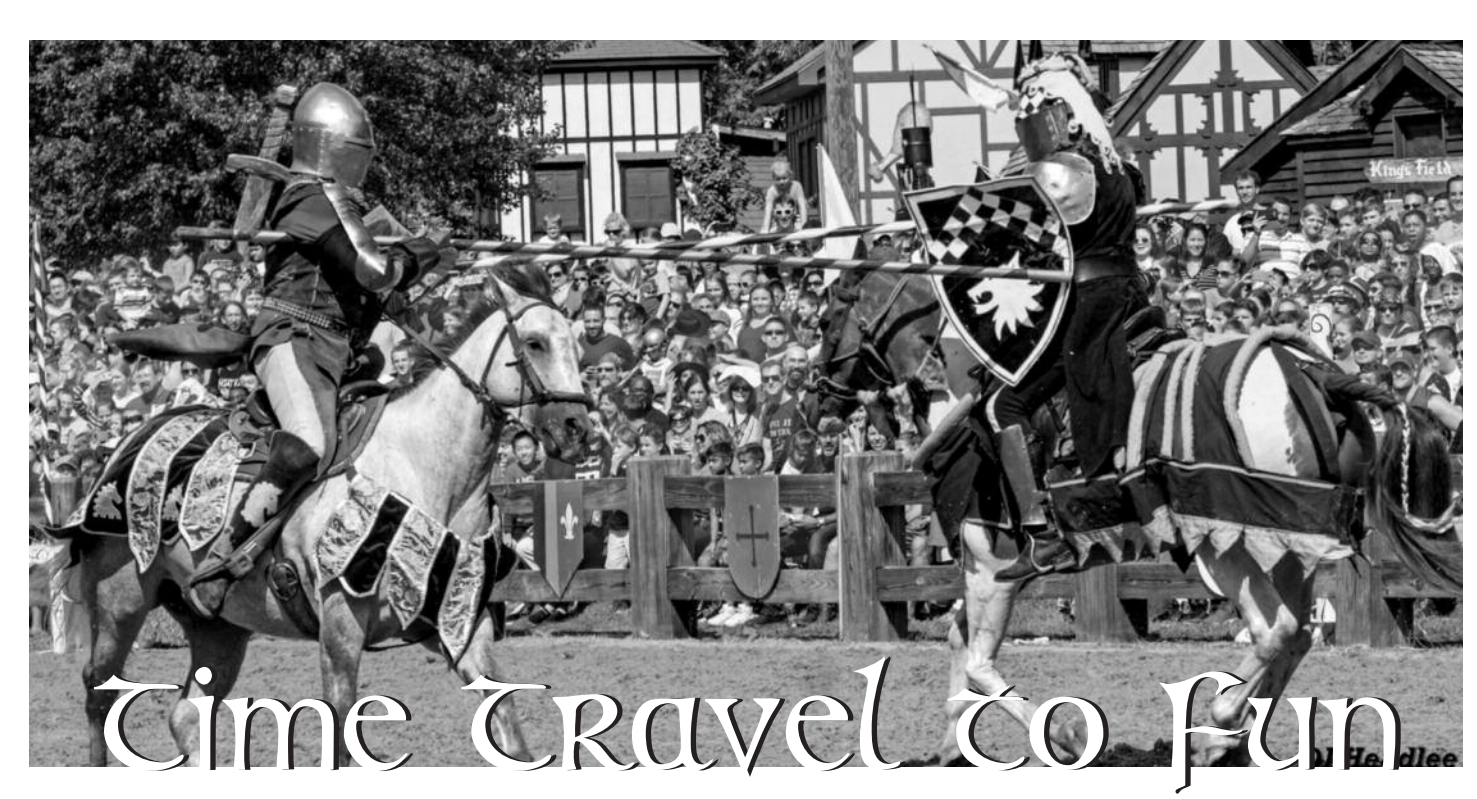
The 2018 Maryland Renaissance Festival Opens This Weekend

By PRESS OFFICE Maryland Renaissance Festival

+++

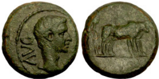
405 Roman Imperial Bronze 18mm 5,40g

+++

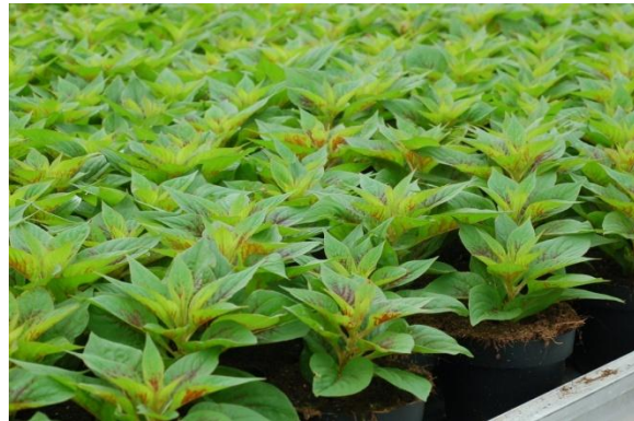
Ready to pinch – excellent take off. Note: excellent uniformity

+++

▶ Task directions
Among the records, find every line with the word "Renaissance" and copy it.

▶ Output below
The 2018 Maryland Renaissance Festival Opens This Weekend
By PRESS OFFICE Maryland Renaissance Festival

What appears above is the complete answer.